Colorado has many outstanding LDS. BeaverDivers is a hybrid in the market. While their web execution and social media execution is sloppy - no doubt they are successful. And a key component to their success is travel – BD’s trips are marketed at the top end of the travel market and undoubtedly generate several profitable revenue streams. A1 in Littleton, Underwater Phantaseas in Greenwood Village, and
boulderjohn’s store in Boulder are prime examples of stores than minimize price completion – cementing loyalty with superior service, high end product and large travel departments.
In your market look at your broader community – the number of LDS will surely shrink at a great loss of capital and personal tradegy. Just as your local department store – think Rich’s in Atlanta or Dayton’s in Minneapolis – has consolidated, so will the LDS/SCUBA business. The market is brutally efficient and the industry and local dive shops will be no exception.

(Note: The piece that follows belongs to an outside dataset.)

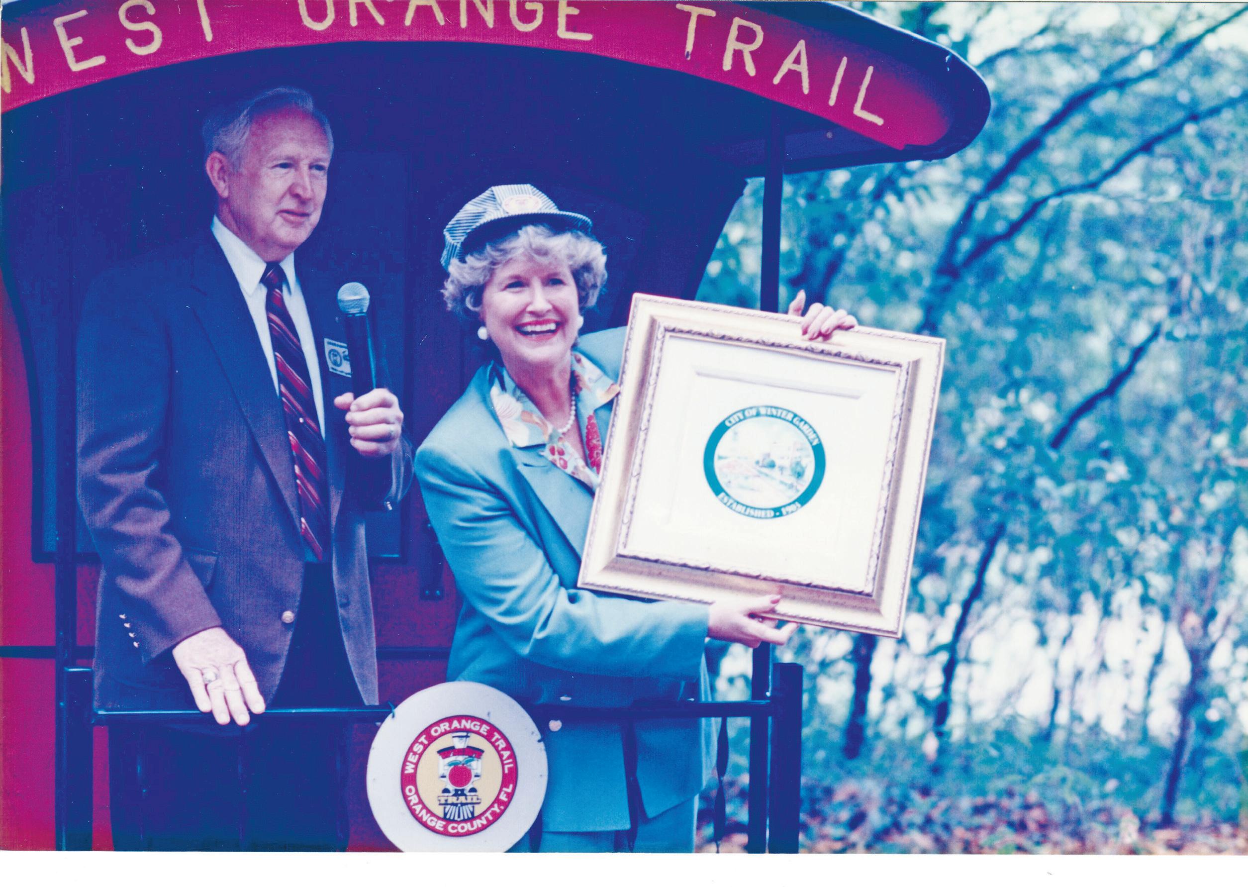 On June 12, 1997, Winter Garden Mayor Jack Quesinberry and Orange County Mayor Linda Chapin celebrated the extension of the West Orange Trail. The setting is Clarcona, a rural village whose name evolved from Clark’s Corner; William N. Clark was significant in organizing this community. The West Orange Trail, a project dear to the hearts of many city and county officers, helped spark the revival of Winter Garden’s downtown historic district when it opened in the fall of 1994.

For the doubters – let’s look at the LSS – that is the local ski shop. In years past most neighborhoods in the Denver/Boulder metro area had a local ski shop. Their challenges were close to what the dive industry LDS faces today. These shops are almost to the store front gone. Christies survived, perhaps they might be a model for a LDS that will survive and prosper in the out years? Small business ownership of multiple outlets as a model for success?
The reasons why the dive/scuba industry isn't growing are immaterial. The end game – that is the future of the industry – will result in some temporary inconvenience for the individual diver, great loss for many LDS owners, and ultimately more efficient choices for most divers. Perhaps Colorado – as it does in cert percentages – will lead the way.